▶ Records excerpted from a collection:

####################

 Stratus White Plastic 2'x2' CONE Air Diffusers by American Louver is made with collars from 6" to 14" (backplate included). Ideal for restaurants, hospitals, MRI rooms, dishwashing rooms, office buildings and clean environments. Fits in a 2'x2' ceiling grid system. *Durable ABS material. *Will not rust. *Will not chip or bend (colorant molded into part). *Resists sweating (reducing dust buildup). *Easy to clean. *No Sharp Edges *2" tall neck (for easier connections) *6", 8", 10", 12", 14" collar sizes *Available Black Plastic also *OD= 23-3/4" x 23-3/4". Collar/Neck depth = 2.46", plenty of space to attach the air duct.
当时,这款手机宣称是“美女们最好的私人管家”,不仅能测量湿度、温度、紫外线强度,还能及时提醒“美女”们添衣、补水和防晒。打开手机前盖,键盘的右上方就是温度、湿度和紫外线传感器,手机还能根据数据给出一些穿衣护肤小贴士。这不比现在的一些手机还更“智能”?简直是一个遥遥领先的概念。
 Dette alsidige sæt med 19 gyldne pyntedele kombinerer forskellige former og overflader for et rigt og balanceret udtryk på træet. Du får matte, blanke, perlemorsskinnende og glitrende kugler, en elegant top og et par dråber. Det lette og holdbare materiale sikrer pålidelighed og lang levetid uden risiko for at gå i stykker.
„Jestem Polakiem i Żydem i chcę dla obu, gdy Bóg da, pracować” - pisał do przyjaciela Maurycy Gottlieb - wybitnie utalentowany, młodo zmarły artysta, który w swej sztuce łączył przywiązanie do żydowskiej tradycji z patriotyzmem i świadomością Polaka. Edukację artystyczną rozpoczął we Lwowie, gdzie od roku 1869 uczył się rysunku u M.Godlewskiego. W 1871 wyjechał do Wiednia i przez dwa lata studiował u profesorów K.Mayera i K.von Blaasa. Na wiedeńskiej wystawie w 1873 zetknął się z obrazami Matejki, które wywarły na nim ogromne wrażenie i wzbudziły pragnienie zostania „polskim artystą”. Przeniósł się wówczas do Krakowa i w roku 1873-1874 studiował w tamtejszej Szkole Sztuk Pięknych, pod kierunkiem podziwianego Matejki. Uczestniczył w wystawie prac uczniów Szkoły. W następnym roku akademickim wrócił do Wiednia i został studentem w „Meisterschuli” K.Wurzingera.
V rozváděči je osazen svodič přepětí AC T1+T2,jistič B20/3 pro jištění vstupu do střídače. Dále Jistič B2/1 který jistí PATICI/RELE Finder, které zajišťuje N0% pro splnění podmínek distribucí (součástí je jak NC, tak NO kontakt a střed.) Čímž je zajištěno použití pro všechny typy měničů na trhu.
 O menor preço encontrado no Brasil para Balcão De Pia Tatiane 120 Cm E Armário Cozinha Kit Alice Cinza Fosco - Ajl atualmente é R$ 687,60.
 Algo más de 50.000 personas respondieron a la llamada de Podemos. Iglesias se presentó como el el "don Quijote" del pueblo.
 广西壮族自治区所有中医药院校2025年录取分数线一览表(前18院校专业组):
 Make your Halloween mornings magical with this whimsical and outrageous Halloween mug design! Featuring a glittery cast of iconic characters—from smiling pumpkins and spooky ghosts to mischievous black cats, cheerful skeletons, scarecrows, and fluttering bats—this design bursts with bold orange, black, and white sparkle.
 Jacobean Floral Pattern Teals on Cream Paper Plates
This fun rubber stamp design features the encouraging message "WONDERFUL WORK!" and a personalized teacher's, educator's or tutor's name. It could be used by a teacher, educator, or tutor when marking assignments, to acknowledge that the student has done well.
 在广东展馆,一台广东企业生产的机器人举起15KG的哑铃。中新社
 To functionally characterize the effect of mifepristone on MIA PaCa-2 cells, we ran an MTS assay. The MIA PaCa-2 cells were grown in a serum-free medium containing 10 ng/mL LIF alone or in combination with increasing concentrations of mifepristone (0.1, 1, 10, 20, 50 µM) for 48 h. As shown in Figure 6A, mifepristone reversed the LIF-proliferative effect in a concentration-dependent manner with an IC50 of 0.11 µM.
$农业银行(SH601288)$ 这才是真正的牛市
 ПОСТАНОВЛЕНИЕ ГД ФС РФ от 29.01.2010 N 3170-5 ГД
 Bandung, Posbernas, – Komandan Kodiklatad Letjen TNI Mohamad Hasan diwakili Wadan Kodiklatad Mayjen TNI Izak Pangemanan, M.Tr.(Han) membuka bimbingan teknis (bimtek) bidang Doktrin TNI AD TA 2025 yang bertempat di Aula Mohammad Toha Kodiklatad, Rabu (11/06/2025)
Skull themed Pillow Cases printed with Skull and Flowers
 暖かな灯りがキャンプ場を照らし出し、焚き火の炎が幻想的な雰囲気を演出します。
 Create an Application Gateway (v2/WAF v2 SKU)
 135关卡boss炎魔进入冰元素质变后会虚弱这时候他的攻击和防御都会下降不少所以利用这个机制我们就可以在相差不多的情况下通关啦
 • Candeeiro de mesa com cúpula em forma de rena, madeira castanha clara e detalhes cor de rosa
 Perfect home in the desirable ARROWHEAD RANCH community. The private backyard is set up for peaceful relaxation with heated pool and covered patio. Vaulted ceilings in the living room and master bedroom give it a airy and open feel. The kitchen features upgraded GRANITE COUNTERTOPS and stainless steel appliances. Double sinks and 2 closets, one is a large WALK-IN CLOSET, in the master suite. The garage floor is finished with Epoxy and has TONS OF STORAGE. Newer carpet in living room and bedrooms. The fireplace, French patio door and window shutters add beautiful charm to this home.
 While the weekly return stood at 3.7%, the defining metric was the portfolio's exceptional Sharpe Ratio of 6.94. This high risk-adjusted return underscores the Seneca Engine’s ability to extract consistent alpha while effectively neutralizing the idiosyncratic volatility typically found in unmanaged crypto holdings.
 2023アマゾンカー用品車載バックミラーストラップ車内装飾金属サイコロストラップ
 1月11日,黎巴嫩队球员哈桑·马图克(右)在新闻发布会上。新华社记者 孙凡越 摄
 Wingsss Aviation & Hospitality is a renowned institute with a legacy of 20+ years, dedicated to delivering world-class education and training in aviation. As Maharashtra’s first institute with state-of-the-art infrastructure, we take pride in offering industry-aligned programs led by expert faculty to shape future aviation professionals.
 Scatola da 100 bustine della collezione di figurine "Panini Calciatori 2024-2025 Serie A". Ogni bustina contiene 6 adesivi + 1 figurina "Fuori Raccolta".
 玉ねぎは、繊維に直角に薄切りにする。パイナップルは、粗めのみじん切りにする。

####################

▶ EXERCISE AIM: Repeat the records word for word.

▶ TASK OUTPUT:
 Stratus White Plastic 2'x2' CONE Air Diffusers by American Louver is made with collars from 6" to 14" (backplate included). Ideal for restaurants, hospitals, MRI rooms, dishwashing rooms, office buildings and clean environments. Fits in a 2'x2' ceiling grid system. *Durable ABS material. *Will not rust. *Will not chip or bend (colorant molded into part). *Resists sweating (reducing dust buildup). *Easy to clean. *No Sharp Edges *2" tall neck (for easier connections) *6", 8", 10", 12", 14" collar sizes *Available Black Plastic also *OD= 23-3/4" x 23-3/4". Collar/Neck depth = 2.46", plenty of space to attach the air duct.
当时,这款手机宣称是“美女们最好的私人管家”,不仅能测量湿度、温度、紫外线强度,还能及时提醒“美女”们添衣、补水和防晒。打开手机前盖,键盘的右上方就是温度、湿度和紫外线传感器,手机还能根据数据给出一些穿衣护肤小贴士。这不比现在的一些手机还更“智能”?简直是一个遥遥领先的概念。
 Dette alsidige sæt med 19 gyldne pyntedele kombinerer forskellige former og overflader for et rigt og balanceret udtryk på træet. Du får matte, blanke, perlemorsskinnende og glitrende kugler, en elegant top og et par dråber. Det lette og holdbare materiale sikrer pålidelighed og lang levetid uden risiko for at gå i stykker.
„Jestem Polakiem i Żydem i chcę dla obu, gdy Bóg da, pracować” - pisał do przyjaciela Maurycy Gottlieb - wybitnie utalentowany, młodo zmarły artysta, który w swej sztuce łączył przywiązanie do żydowskiej tradycji z patriotyzmem i świadomością Polaka. Edukację artystyczną rozpoczął we Lwowie, gdzie od roku 1869 uczył się rysunku u M.Godlewskiego. W 1871 wyjechał do Wiednia i przez dwa lata studiował u profesorów K.Mayera i K.von Blaasa. Na wiedeńskiej wystawie w 1873 zetknął się z obrazami Matejki, które wywarły na nim ogromne wrażenie i wzbudziły pragnienie zostania „polskim artystą”. Przeniósł się wówczas do Krakowa i w roku 1873-1874 studiował w tamtejszej Szkole Sztuk Pięknych, pod kierunkiem podziwianego Matejki. Uczestniczył w wystawie prac uczniów Szkoły. W następnym roku akademickim wrócił do Wiednia i został studentem w „Meisterschuli” K.Wurzingera.
V rozváděči je osazen svodič přepětí AC T1+T2,jistič B20/3 pro jištění vstupu do střídače. Dále Jistič B2/1 který jistí PATICI/RELE Finder, které zajišťuje N0% pro splnění podmínek distribucí (součástí je jak NC, tak NO kontakt a střed.) Čímž je zajištěno použití pro všechny typy měničů na trhu.
 O menor preço encontrado no Brasil para Balcão De Pia Tatiane 120 Cm E Armário Cozinha Kit Alice Cinza Fosco - Ajl atualmente é R$ 687,60.
 Algo más de 50.000 personas respondieron a la llamada de Podemos. Iglesias se presentó como el el "don Quijote" del pueblo.
 广西壮族自治区所有中医药院校2025年录取分数线一览表(前18院校专业组):
 Make your Halloween mornings magical with this whimsical and outrageous Halloween mug design! Featuring a glittery cast of iconic characters—from smiling pumpkins and spooky ghosts to mischievous black cats, cheerful skeletons, scarecrows, and fluttering bats—this design bursts with bold orange, black, and white sparkle.
 Jacobean Floral Pattern Teals on Cream Paper Plates
This fun rubber stamp design features the encouraging message "WONDERFUL WORK!" and a personalized teacher's, educator's or tutor's name. It could be used by a teacher, educator, or tutor when marking assignments, to acknowledge that the student has done well.
 在广东展馆,一台广东企业生产的机器人举起15KG的哑铃。中新社
 To functionally characterize the effect of mifepristone on MIA PaCa-2 cells, we ran an MTS assay. The MIA PaCa-2 cells were grown in a serum-free medium containing 10 ng/mL LIF alone or in combination with increasing concentrations of mifepristone (0.1, 1, 10, 20, 50 µM) for 48 h. As shown in Figure 6A, mifepristone reversed the LIF-proliferative effect in a concentration-dependent manner with an IC50 of 0.11 µM.
$农业银行(SH601288)$ 这才是真正的牛市
 ПОСТАНОВЛЕНИЕ ГД ФС РФ от 29.01.2010 N 3170-5 ГД
 Bandung, Posbernas, – Komandan Kodiklatad Letjen TNI Mohamad Hasan diwakili Wadan Kodiklatad Mayjen TNI Izak Pangemanan, M.Tr.(Han) membuka bimbingan teknis (bimtek) bidang Doktrin TNI AD TA 2025 yang bertempat di Aula Mohammad Toha Kodiklatad, Rabu (11/06/2025)
Skull themed Pillow Cases printed with Skull and Flowers
 暖かな灯りがキャンプ場を照らし出し、焚き火の炎が幻想的な雰囲気を演出します。
 Create an Application Gateway (v2/WAF v2 SKU)
 135关卡boss炎魔进入冰元素质变后会虚弱这时候他的攻击和防御都会下降不少所以利用这个机制我们就可以在相差不多的情况下通关啦
 • Candeeiro de mesa com cúpula em forma de rena, madeira castanha clara e detalhes cor de rosa
 Perfect home in the desirable ARROWHEAD RANCH community. The private backyard is set up for peaceful relaxation with heated pool and covered patio. Vaulted ceilings in the living room and master bedroom give it a airy and open feel. The kitchen features upgraded GRANITE COUNTERTOPS and stainless steel appliances. Double sinks and 2 closets, one is a large WALK-IN CLOSET, in the master suite. The garage floor is finished with Epoxy and has TONS OF STORAGE. Newer carpet in living room and bedrooms. The fireplace, French patio door and window shutters add beautiful charm to this home.
 While the weekly return stood at 3.7%, the defining metric was the portfolio's exceptional Sharpe Ratio of 6.94. This high risk-adjusted return underscores the Seneca Engine’s ability to extract consistent alpha while effectively neutralizing the idiosyncratic volatility typically found in unmanaged crypto holdings.
 2023アマゾンカー用品車載バックミラーストラップ車内装飾金属サイコロストラップ
 1月11日,黎巴嫩队球员哈桑·马图克(右)在新闻发布会上。新华社记者 孙凡越 摄
 Wingsss Aviation & Hospitality is a renowned institute with a legacy of 20+ years, dedicated to delivering world-class education and training in aviation. As Maharashtra’s first institute with state-of-the-art infrastructure, we take pride in offering industry-aligned programs led by expert faculty to shape future aviation professionals.
 Scatola da 100 bustine della collezione di figurine "Panini Calciatori 2024-2025 Serie A". Ogni bustina contiene 6 adesivi + 1 figurina "Fuori Raccolta".
 玉ねぎは、繊維に直角に薄切りにする。パイナップルは、粗めのみじん切りにする。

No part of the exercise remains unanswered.